▶ **Entries shown**:
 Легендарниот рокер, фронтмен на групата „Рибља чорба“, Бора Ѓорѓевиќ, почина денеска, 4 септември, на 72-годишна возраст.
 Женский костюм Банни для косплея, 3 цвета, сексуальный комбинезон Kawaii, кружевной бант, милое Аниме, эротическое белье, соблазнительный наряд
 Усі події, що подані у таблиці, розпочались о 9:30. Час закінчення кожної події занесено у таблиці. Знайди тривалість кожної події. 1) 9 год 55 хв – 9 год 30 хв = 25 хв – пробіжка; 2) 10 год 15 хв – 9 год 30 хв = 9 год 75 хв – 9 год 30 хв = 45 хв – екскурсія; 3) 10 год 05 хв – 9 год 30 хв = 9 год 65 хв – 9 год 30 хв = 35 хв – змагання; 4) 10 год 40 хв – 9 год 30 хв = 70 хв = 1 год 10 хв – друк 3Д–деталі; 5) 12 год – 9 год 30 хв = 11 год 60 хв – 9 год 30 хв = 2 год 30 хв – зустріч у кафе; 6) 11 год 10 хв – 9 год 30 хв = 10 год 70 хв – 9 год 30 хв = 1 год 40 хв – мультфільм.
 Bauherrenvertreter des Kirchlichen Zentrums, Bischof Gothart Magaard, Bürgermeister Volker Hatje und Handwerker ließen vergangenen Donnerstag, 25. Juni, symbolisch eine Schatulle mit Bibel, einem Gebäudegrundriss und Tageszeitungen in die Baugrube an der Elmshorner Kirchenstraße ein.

==

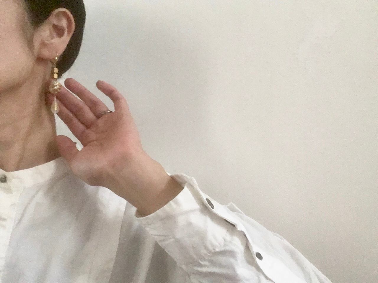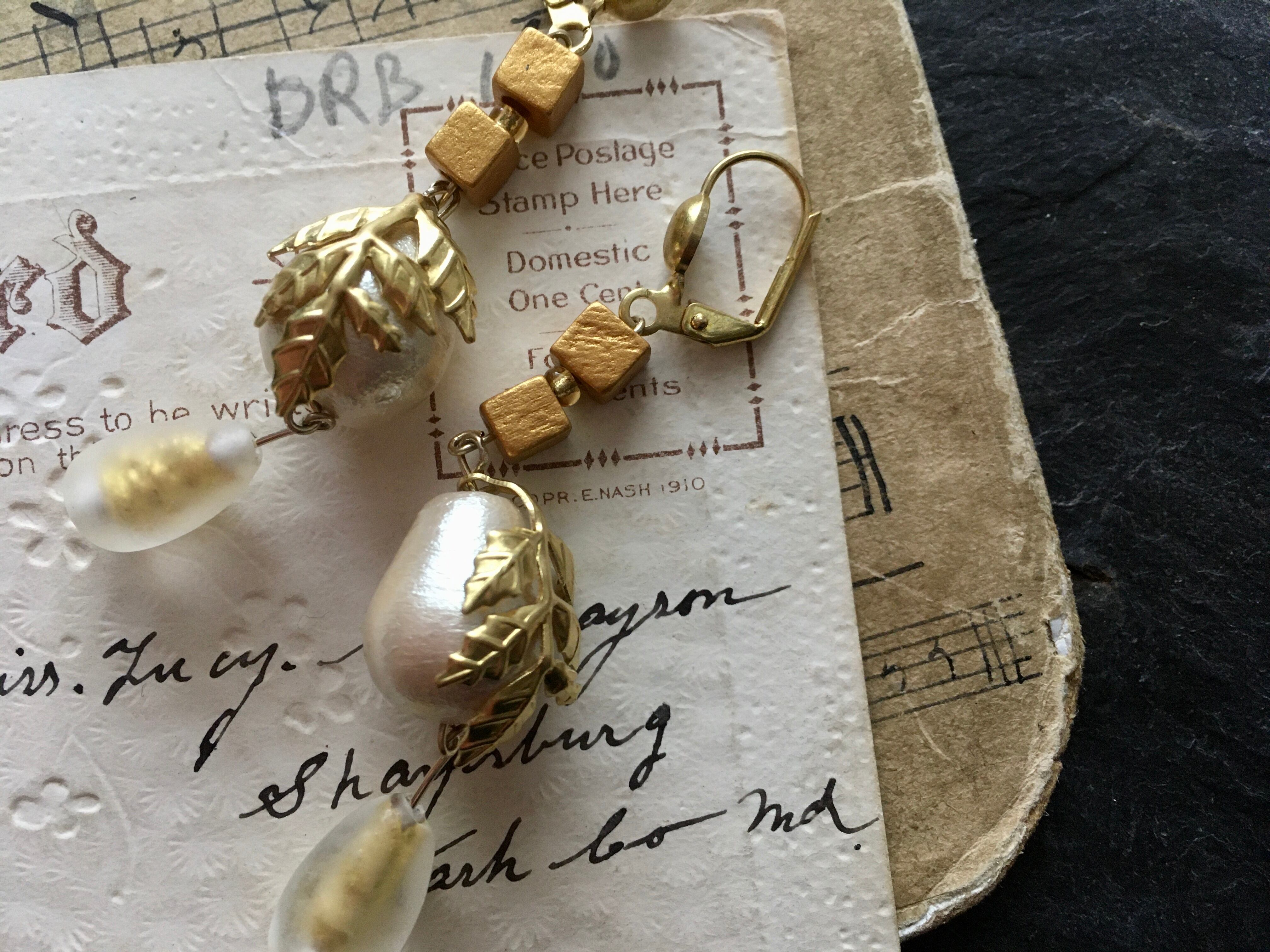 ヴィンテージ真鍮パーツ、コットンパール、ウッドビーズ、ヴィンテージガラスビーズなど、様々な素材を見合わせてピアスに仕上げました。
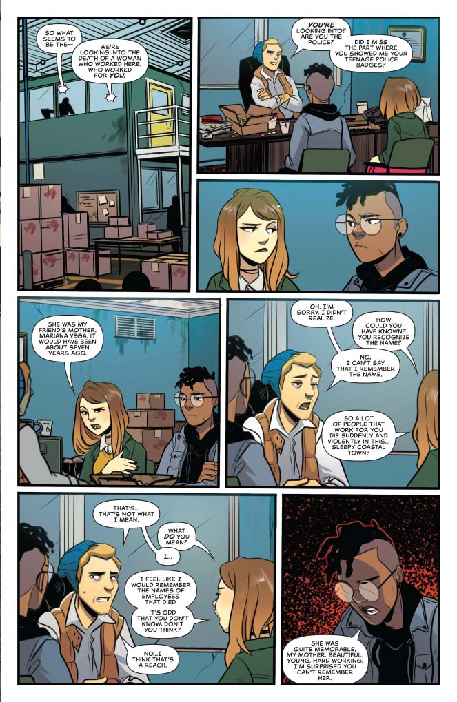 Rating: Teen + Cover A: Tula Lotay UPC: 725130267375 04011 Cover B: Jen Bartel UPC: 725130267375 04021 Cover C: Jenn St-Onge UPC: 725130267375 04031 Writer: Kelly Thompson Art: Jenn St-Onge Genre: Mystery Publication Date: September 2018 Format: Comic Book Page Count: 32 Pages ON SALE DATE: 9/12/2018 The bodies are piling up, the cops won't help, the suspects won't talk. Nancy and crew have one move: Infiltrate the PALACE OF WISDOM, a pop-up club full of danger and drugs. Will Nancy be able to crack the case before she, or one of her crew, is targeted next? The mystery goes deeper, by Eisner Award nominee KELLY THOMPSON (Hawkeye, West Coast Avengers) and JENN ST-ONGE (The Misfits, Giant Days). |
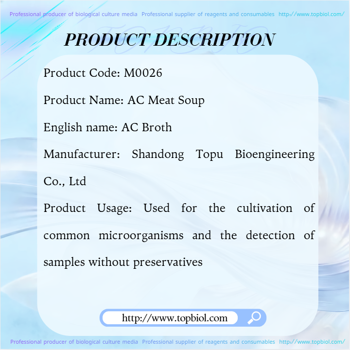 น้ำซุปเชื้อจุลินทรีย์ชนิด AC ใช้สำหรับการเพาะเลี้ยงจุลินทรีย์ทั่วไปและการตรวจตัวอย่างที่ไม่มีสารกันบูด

▶ **Work request**: Please copy, exactly as written, every line in the listing above from the line with "Легендарниот рокер, фронтмен" up to and including the line with "Bauherrenvertreter des Kirchlichen".

▶ **Result for this exercise**:
 Легендарниот рокер, фронтмен на групата „Рибља чорба“, Бора Ѓорѓевиќ, почина денеска, 4 септември, на 72-годишна возраст.
 Женский костюм Банни для косплея, 3 цвета, сексуальный комбинезон Kawaii, кружевной бант, милое Аниме, эротическое белье, соблазнительный наряд
 Усі події, що подані у таблиці, розпочались о 9:30. Час закінчення кожної події занесено у таблиці. Знайди тривалість кожної події. 1) 9 год 55 хв – 9 год 30 хв = 25 хв – пробіжка; 2) 10 год 15 хв – 9 год 30 хв = 9 год 75 хв – 9 год 30 хв = 45 хв – екскурсія; 3) 10 год 05 хв – 9 год 30 хв = 9 год 65 хв – 9 год 30 хв = 35 хв – змагання; 4) 10 год 40 хв – 9 год 30 хв = 70 хв = 1 год 10 хв – друк 3Д–деталі; 5) 12 год – 9 год 30 хв = 11 год 60 хв – 9 год 30 хв = 2 год 30 хв – зустріч у кафе; 6) 11 год 10 хв – 9 год 30 хв = 10 год 70 хв – 9 год 30 хв = 1 год 40 хв – мультфільм.
 Bauherrenvertreter des Kirchlichen Zentrums, Bischof Gothart Magaard, Bürgermeister Volker Hatje und Handwerker ließen vergangenen Donnerstag, 25. Juni, symbolisch eine Schatulle mit Bibel, einem Gebäudegrundriss und Tageszeitungen in die Baugrube an der Elmshorner Kirchenstraße ein.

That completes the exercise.